The hosts conclude that leaders must distinguish between "the world's timing" and "your company's timing." Just because a technology is trending doesn't mean it's the right opportunity for your business—and conversely, just because something is profitable doesn't mean it's strategically aligned.
Conclusion
This episode matters because it reframes a familiar success story as a cautionary tale about strategic discipline. Facebook's gaming era is often remembered as a triumph of platform economics, but Obara and Kensuu reveal it as a near-fatal distraction. The episode's lasting insight is that the most dangerous failures are the ones that look like successes—they generate revenue, satisfy investors, and feel good, all while pulling the company away from its core mission. Zuckerberg's "War Mode" response, while extreme, demonstrates the kind of founder-led clarity required to break free from such traps. For anyone building a platform or managing a product, the lesson is clear: constantly ask whether your current success is aligned with your long-term strategic opportunity, and have the courage to pivot when it isn't.
要点
- Facebook's gaming platform generated massive revenue (Zynga peaked at ¥130 billion) but created a strategic misalignment that distracted from the mobile revolution.

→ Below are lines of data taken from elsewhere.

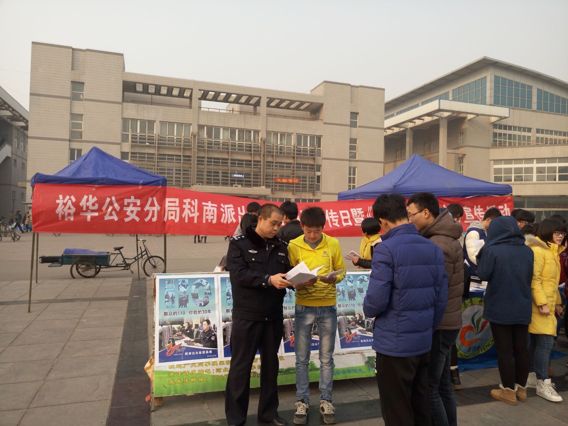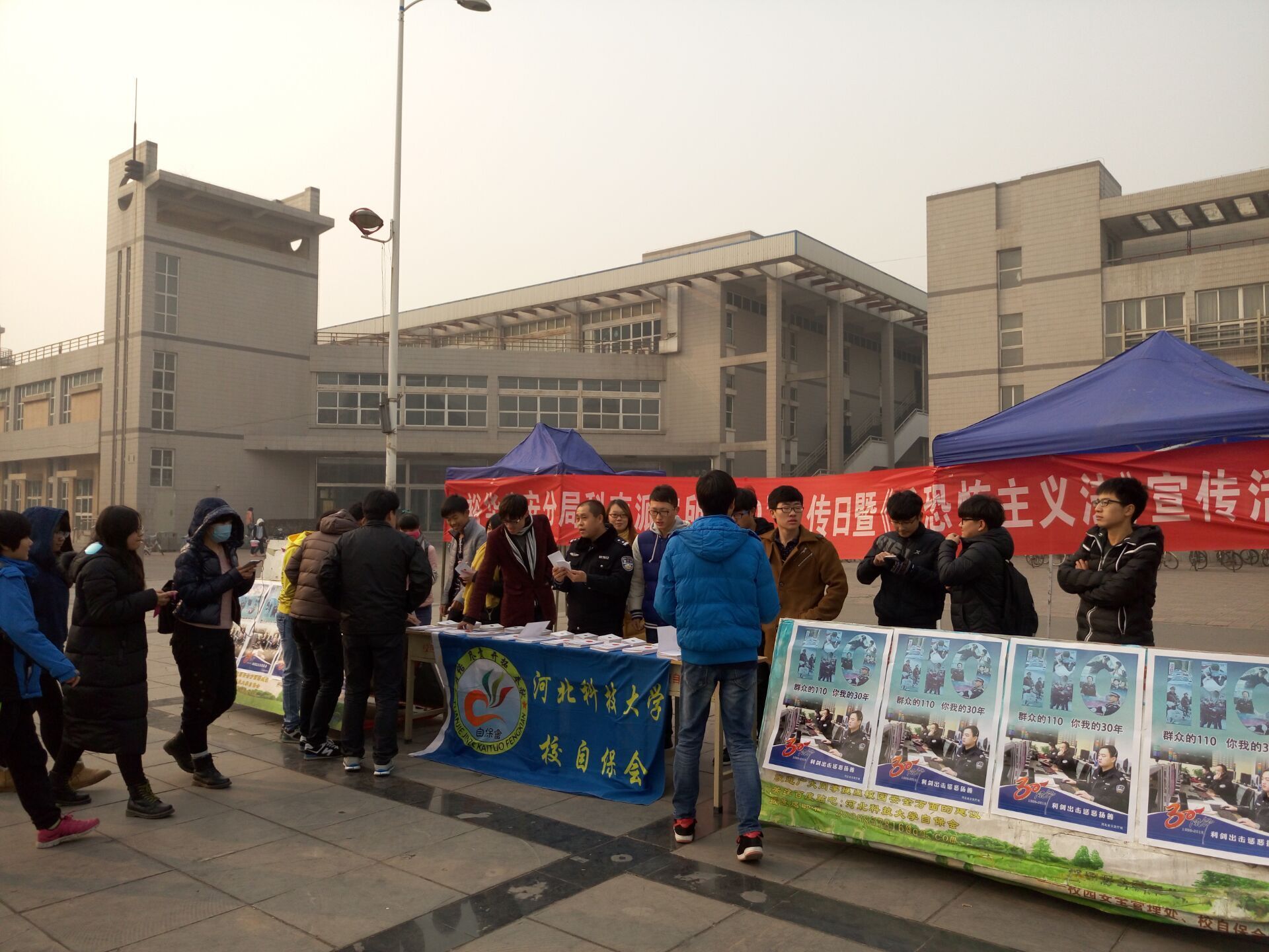 1月10日是我国“110宣传日”, 10日上午我处联合校自保会,在生活广场举办《反恐怖主义法》宣传活动。科南派出所领导和校园安全管理处相关负责人参加了此次活动。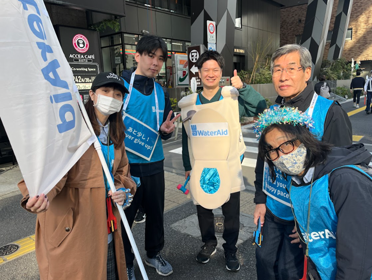 3月1日(日)の大会当日には、スタッフやボランティアの皆さまが、チーム・ウォーターエイドの応援団としてコース沿道の複数のスポットでチャリティランナーに熱い声援を送りました。ウォーターエイドの青いTシャツを着てくださっている方や笑顔で声援に応えてくださる方など、懸命にフィニッシュを目指すチャリティランナーの皆さまに、応援している側が元気をもらえる機会にもなりました。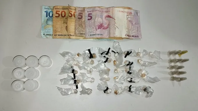 Na busca pessoal, foram encontrados sete frascos de substância análoga à cocaína, 31 pedras de crack, 12 pinos contendo maconha (extração) e R$ 210,00 em espécie. A motocicleta também foi apreendida.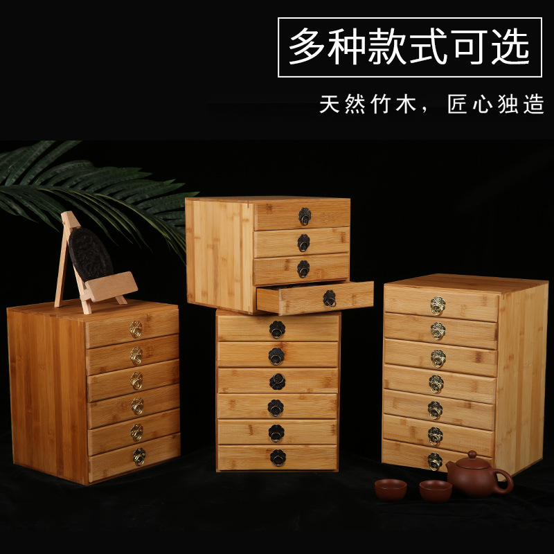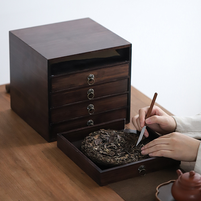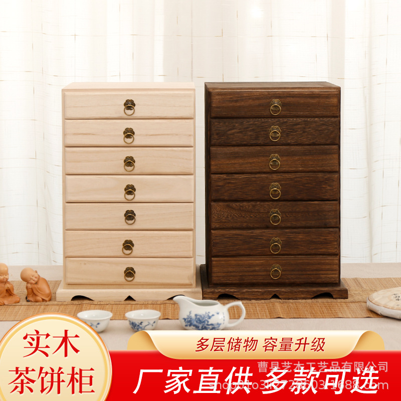 プーアル茶収納ケース分茶盤家庭用白茶餅茶箱多層実木竹製引き出しプーアル棚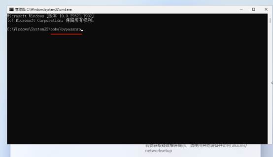 1. 在“让我们为你连接的网络”这一步,按键盘【Shift】+【F10】或者【FN】+【Shift】+【F10】会弹出命令提示符,输入命令oobe\ypassnro(如图二,鼠标在输入命令的地方点一下然后输入命令。),再按【Enter】键,系统将会重新启动。
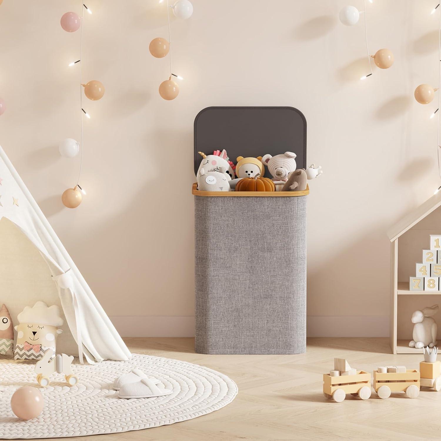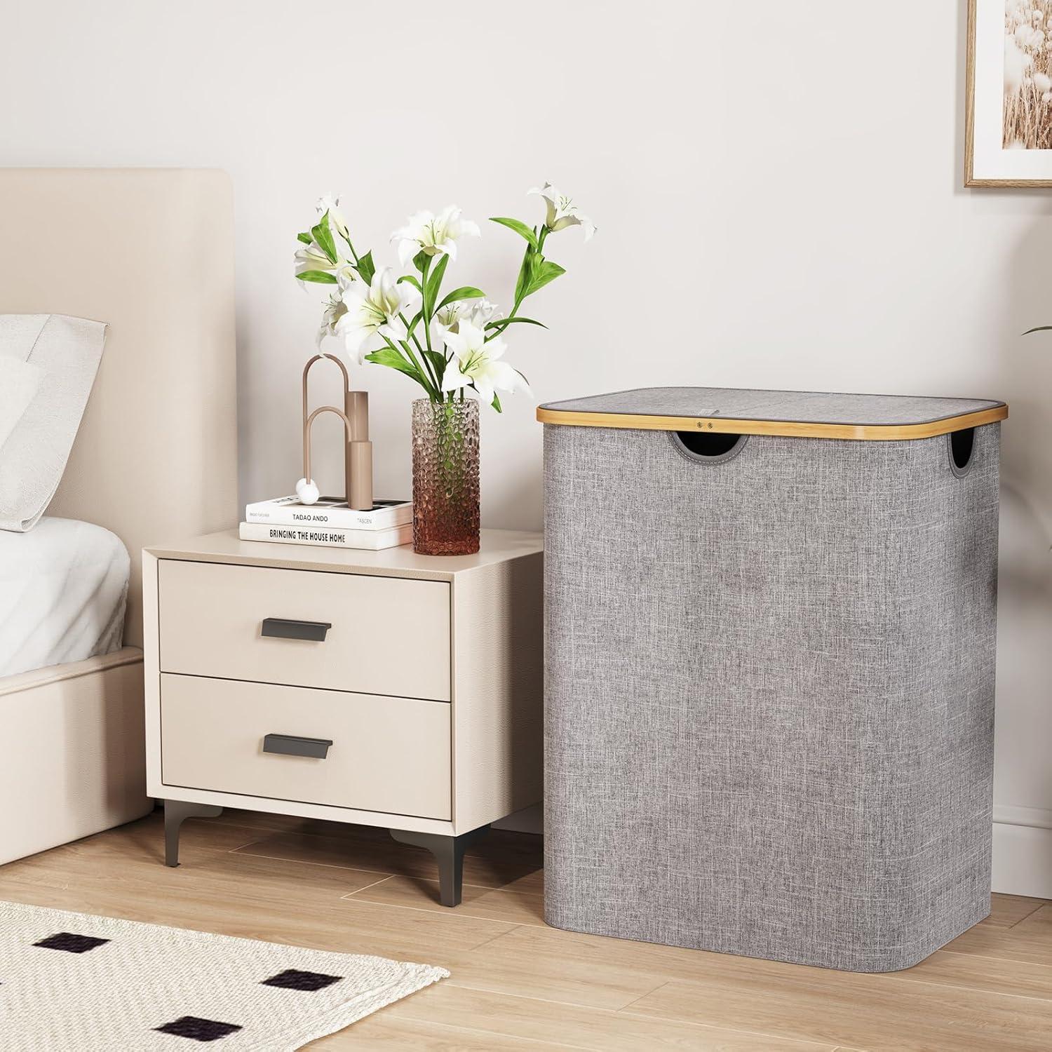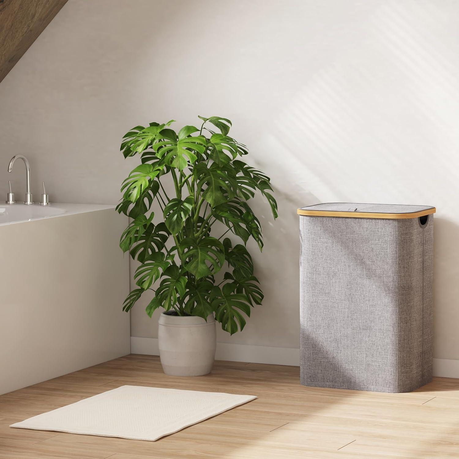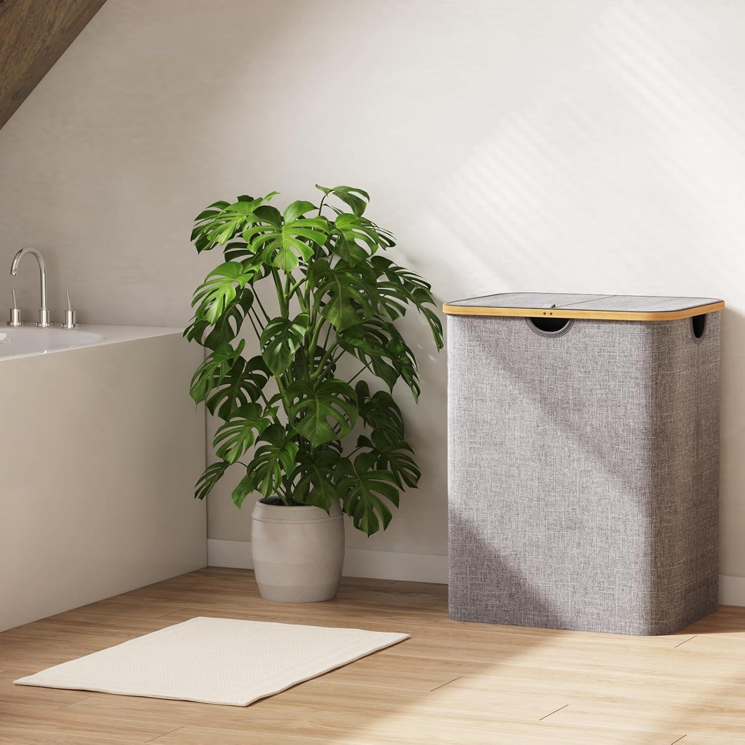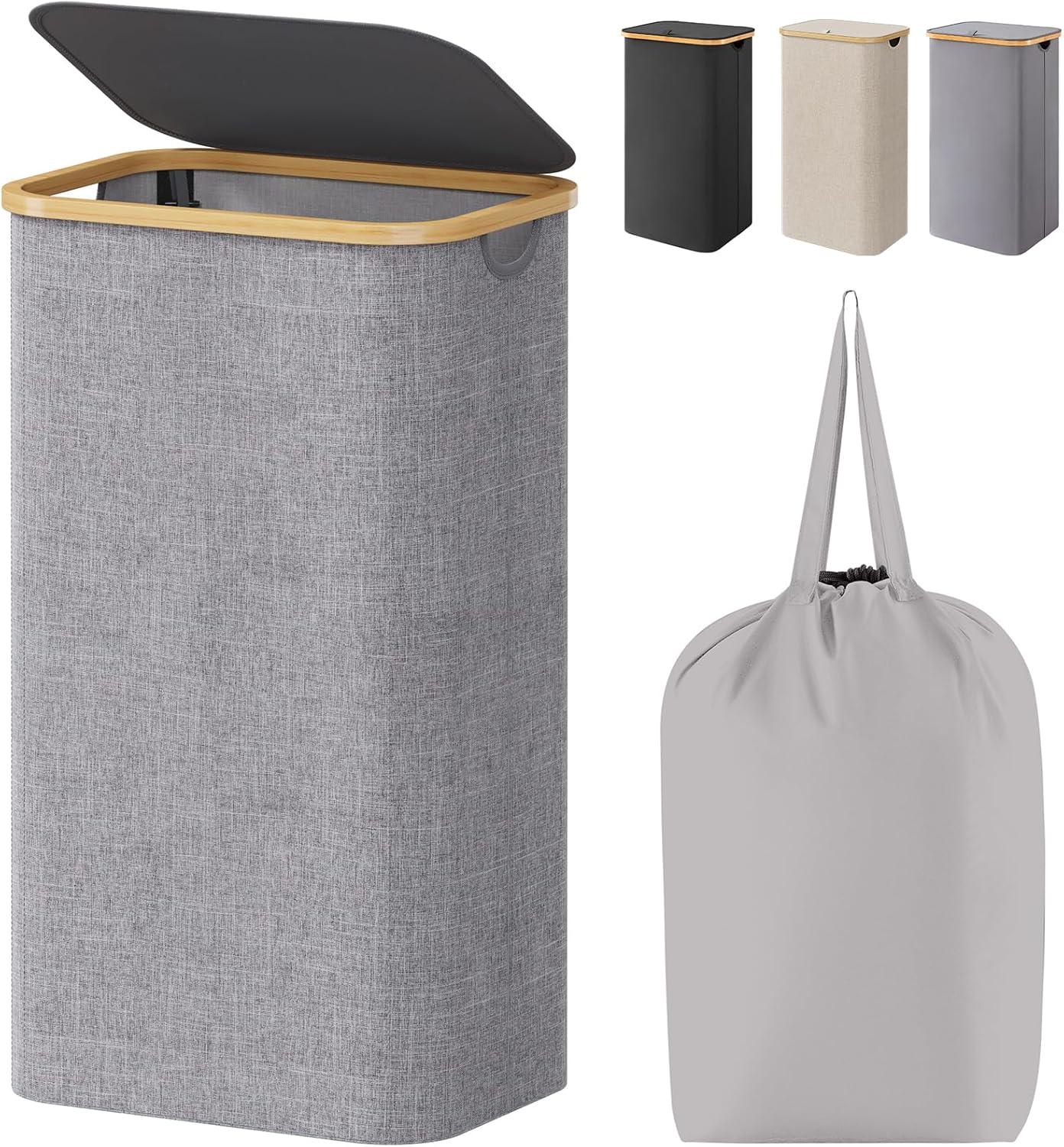 Lifewit 100L Laundry Basket with Lid, Clothes Hampers for Laundry with Bamboo Handles and A Removable Bag, Large Foldable Laundry Hamper for Bedroom, Bathroom, Dorm, Laundry Room, Gray(Light Gray)

- The core problem was "strategic misalignment": a seemingly successful tactic (gaming revenue) pulled resources and attention away from Facebook's fundamental value proposition (social connection).
- Notification spam from games degraded the user experience so severely that *FarmVille* lost 4.4 million monthly users in one month after Facebook banned spam in 2010.
- Facebook's bet on HTML5 as the universal mobile platform was a technological mistake; native apps proved far superior for mobile gaming and user experience.
- Mark Zuckerberg's "War Mode" response—halting all non-mobile development and personally directing the pivot—saved the company and is an early example of "Founder Mode."
- Mobile ad revenue went from zero in 2011 to 11% in 2012 and 65% by 2014, demonstrating the power of a focused strategic pivot.
- Opportunity cost is company-specific: what's a distraction for one company (gaming for Facebook) can be a core opportunity for another (browser games for DMM).
- Leaders must distinguish between "the world's timing" and "your company's timing" when deciding where to invest resources.